Today, our latest product—Mental Health & Gen Z: What Educators Need to Know is available for the public. This project, and our Springtide Series on Mental Health in general, have been long in the works. We’ve spent more than a year thinking, planning, writing, and conversing about mental health, and how to make organizations and institutions mental-health friendly at their very core. For me, this topic is personal.  

In the past decade, many teachers (myself included) have been trained to spot the warning signs of mental-health crises in our students, direct them toward resources, and check in on them regularly—all while doing the thousands of other things that constitute our jobs.  

And sometimes it works. Sometimes we catch students just in time. Just before they fall. We can’t focus too long on the vivid alternative, but instead sigh with relief that some tragedy did not unfold, at least not today.  

But sometimes it doesn’t work. We don’t see. We’re too busy or too untrained or the situation is simply beyond our capacity to see and respond to.  

I’ve been on both sides. I’ve worked with students who have told me later that my plea that they get help, and my assistance connecting them to that help, saved their life. And I’ve lost students to suicide just months before graduation.  
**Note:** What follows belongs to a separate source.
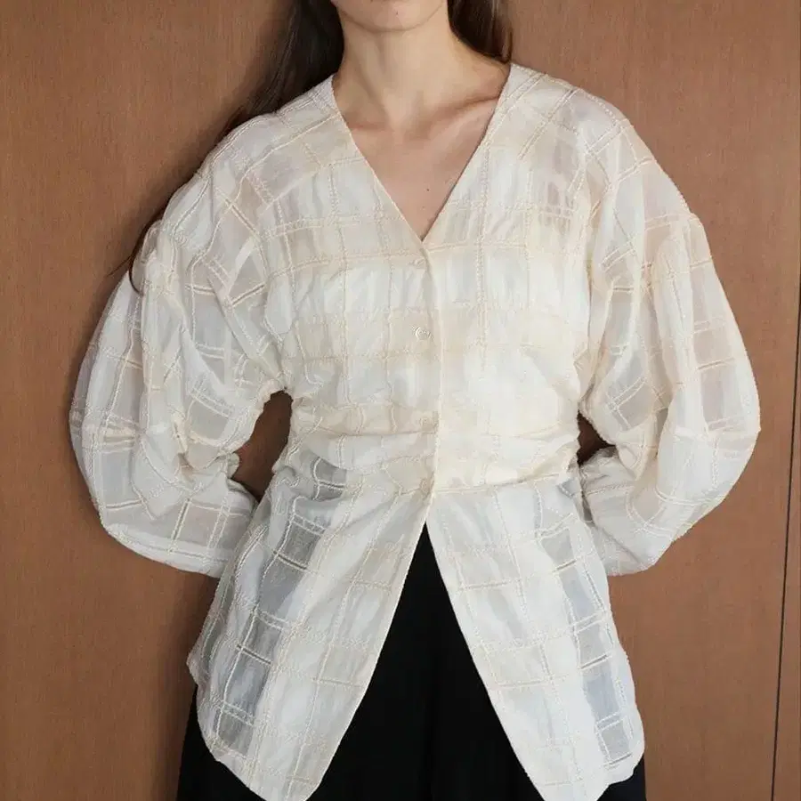 뒷면은 깊은 V넥으로 내추럴함을 더하고, 가는 리본과 적당한 시스루가 캐주얼한 체크 원단을 레이디처럼 연출해 줍니다.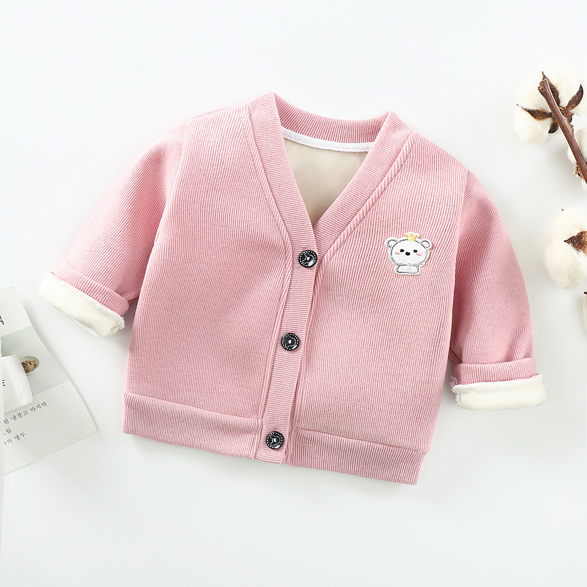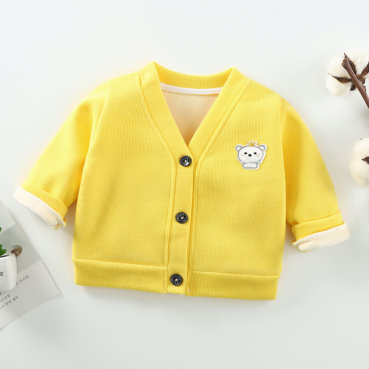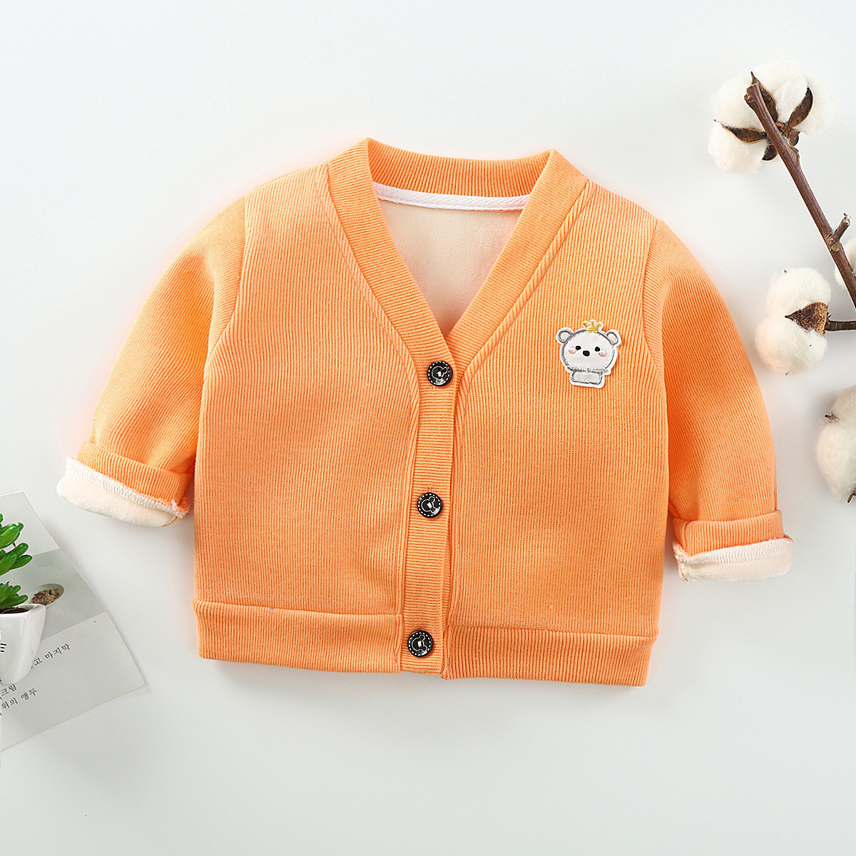 2025 봄과 가을 소년 소녀 및 유아 용 니트웨어 백킹 스웨터 카디건 솔리드 컬러 내부스토어 가기

In both cases, I couldn’t help but think to myself: “This isn’t what I was trained to do.”  

But like you, I couldn’t just sit and watch an epidemic unfold in my classroom and on my campus, day in and day out, without trying to do something. Even if that something never felt like enough.  

The research we’re doing about mental health is, in many ways, a passion project for me. For years, I’ve longed for a way to begin building an organizational culture at a school or university that is designed, at its very core, to be mental-health friendly, rather than amended, as an afterthought, to respond to mental-health crises.  

This educator’s report is the tool that I wish my campus had when I was a professor. It is intended to sit alongside crisis intervention and early indicator training and hopefully prevent reliance on crisis response tools. We believe, and our data confirm, that more prepared cultures can address mental-health issues before they become mental-health crises.  

In fall 2021, our Research Advisory Board convened with our staff to talk about the direction this focus on mental health would take us in 2022. Before we began discussing the logistics and themes, each member offered the first name of a young person in their life who has been impacted by this epidemic. We paused together in a moment of silence to hold those young people, and those unnamed, in our hearts, in our thoughts, or in our prayers, each practicing a reverence suited to our own systems of beliefs, but a reverence nonetheless shared and expressed as a common concern for these young people and a wish for their well-being.  

This report, and this series, is for them.